恋人

第十五話・逆転

「ねぇ、顔、見せて」


 思考回路を飛び越えて、『したいこと』が脊髄反射で言葉になる。


「……でも……」


 芙蓉は躊躇った。気持ちはわかる。私も自分の泣き顔を進んで人に見せたいとは思わない。だから、見たい。


「こっち見て」


 照れているのか、少しの抵抗を見せる芙蓉の頬に手を添え、こちらに向けさせる。

 潤んだ双眸は私を見据えてから、すぐにまた逸らされた。


「っま、待って澄河ちゃん」


 無防備になった首筋に再び唇を押し付けると、芙蓉は慌てて私を押し除けようとした。当然、待たない。


 唇を押し付けたまま、その隙間から伸ばした舌先で軽くなぞる。

 その痛烈な威力は、あの押し入れで身をもって学んでいた。


 どこをどんな風にしたら、どこがどんな風になるかは、芙蓉が教えてくれたんだよ?


「待って……待って、待って。……おか、しく……なっちゃう……」

「私はもう、なっちゃったみたいだよ。芙蓉のせいで」


 震えた声での制止にも聞く耳を持てない。

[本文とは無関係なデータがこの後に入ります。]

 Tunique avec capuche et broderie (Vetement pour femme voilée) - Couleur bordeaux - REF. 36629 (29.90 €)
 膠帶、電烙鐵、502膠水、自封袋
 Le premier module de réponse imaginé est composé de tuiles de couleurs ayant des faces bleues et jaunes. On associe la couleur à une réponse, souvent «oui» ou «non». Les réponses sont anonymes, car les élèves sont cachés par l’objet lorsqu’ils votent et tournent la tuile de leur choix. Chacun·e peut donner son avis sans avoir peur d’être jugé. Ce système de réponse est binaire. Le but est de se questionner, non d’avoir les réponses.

這わせる舌の面積を徐々に広げ、彼女の変わる変わる反応を堪能する。


「澄河、ちゃん……」

「芙蓉……」


 いつの間にか、いつかの日と体勢が逆転していた。

 メイドに押し倒され覆い被さられ、両手を掴まれ抵抗も許されない主に同情しつつ、惨めに思いつつ、愛おしく感じた。


「なんで? 澄河ちゃん……どうして、こんな……?」


 その困惑に満ちた問いに、もっと喜んでくれてもいいじゃん、とこじらせた幼さが、彼女への意地悪を加速させる。


「理由が欲しい?」

「……いらない。幸せで……死んじゃいそうなだけ……」


 芙蓉はぎこちない笑顔を作り、大粒の涙を絶え間なく零している。顔の輪郭をつたい地面へと滴りそうなを舌ですくうと、芙蓉は頬を更に赤らめて瞳を閉じた。

 もっと、欲しくなる。


「でも……もう、許して? ずっと……ずっと、気持ち良くって……ずっと、続いてて……」


 くたっと脱力して寝転びながら、両腕で自身の表情を隠して哀願する姿は、おかわりをおねだりしているようにしか見えない。

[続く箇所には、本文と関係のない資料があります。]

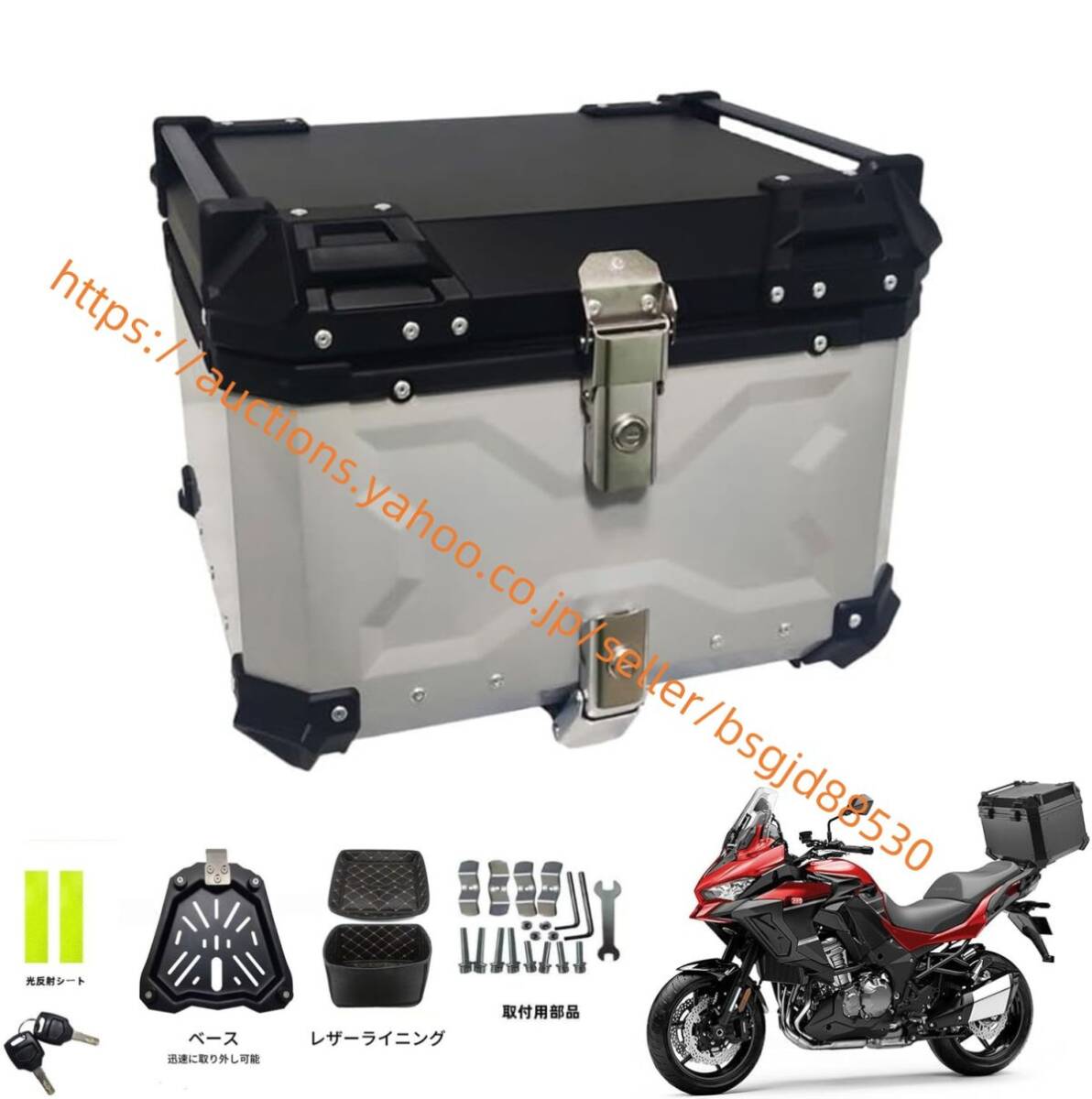 > バイク用リアボックス 大容量 45L 55L アルミ 取付ベース付 鍵2本付 簡単脱着 フルフェイス対応 四角 バイクボックス car-259
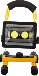 Udobno prenašanje omogočata mehak oblazinjen ročaj in stabilno stojalo z možnostjo vrtenja za 360° ter nastavitve kota. Reflektor ponuja 3 načine svetenja (1 COB, 2 COB, stroboskop) in dolgo življenjsko dobo LED do 50.000 ur.
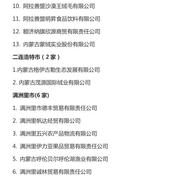 企業(yè)名稱:截止2016年末自治區(qū)級(jí)農(nóng)牧業(yè)產(chǎn)業(yè)化 重點(diǎn)龍頭企業(yè)名單​
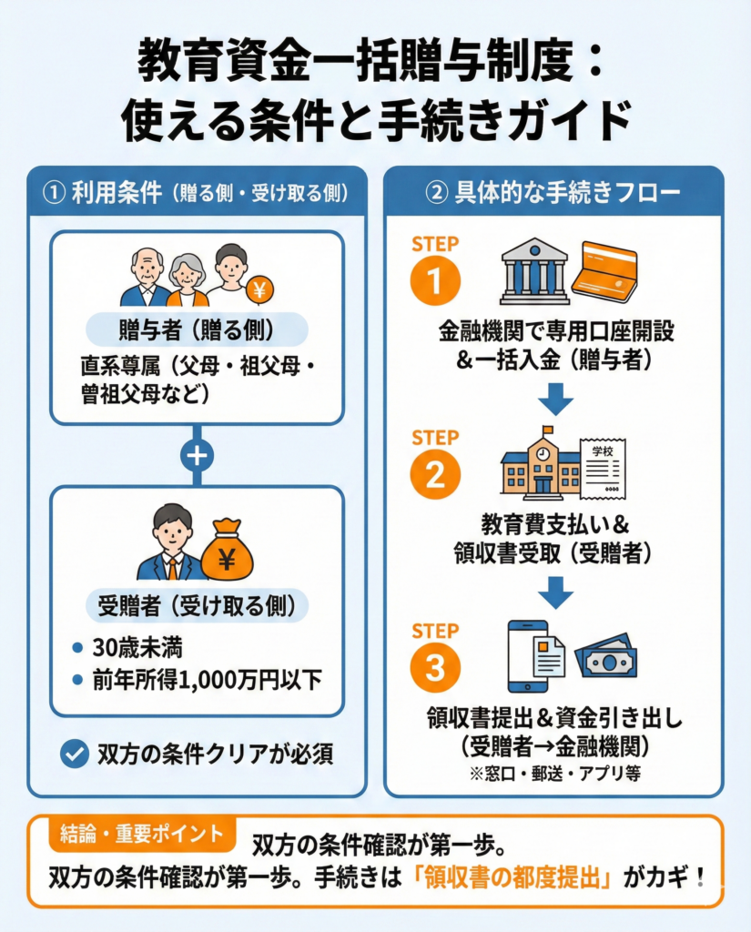 教育資金の一括贈与制度を使う条件は?

 お腹の少し上あたりでぐつぐつと煮えたぎる熱が、脳まで巡り理性を焼き切っていく。


「ダメ」


 一番になんて、ならなくても良かったのに。

 みんなが楽しければ、正直、自分のことなんてどうでも良かったのに。

 芙蓉が主役の物語の、モブでも良かったのに。


 今は……自分本位が止まらない。

 知らなかった。私がこんなに強欲だったなんて。きっと知らないでいられたのに……芙蓉のおかげで——芙蓉のせいで、知ってしまった。

 確信してる。こうなってしまったら、もう、二度と十分前の自分にすら戻れない。

 だから——


「許してあげない」


 ——その涙を、もっと見せて。その心をもっともっと私で満たして。

 私だけの芙蓉であることを、証明し続けて。


「私のここ……散々弄ってくれたよね?」

「っ」


 馬乗りになって、はだけた衣装を指先でどかしながら、彼女の鎖骨をなぞる。

 自分のそれには何も思わなかったけれど、こうしてみると確かに唆るものがあった。


「どうされたい?」


 指先で微かに触れながら問うと、芙蓉は嬌声を抑えながらか細く答える。


「……られ、たいです」

「ちゃんと教えて」

「私も……弄られたいです」


 予想通りで期待通りの返答は、想像以上に、私の心を踊らせた。


「良く言えましたね、お嬢様」

「その格好で……そんな風に言うの……ずるいよぉ」

「誠心誠意、ご奉仕いたしますね」

「っ……は、はい……!」


 自分で言って、少し笑った。

 こんな言葉で、これから始まる無礼の限りが許されるのだろうか。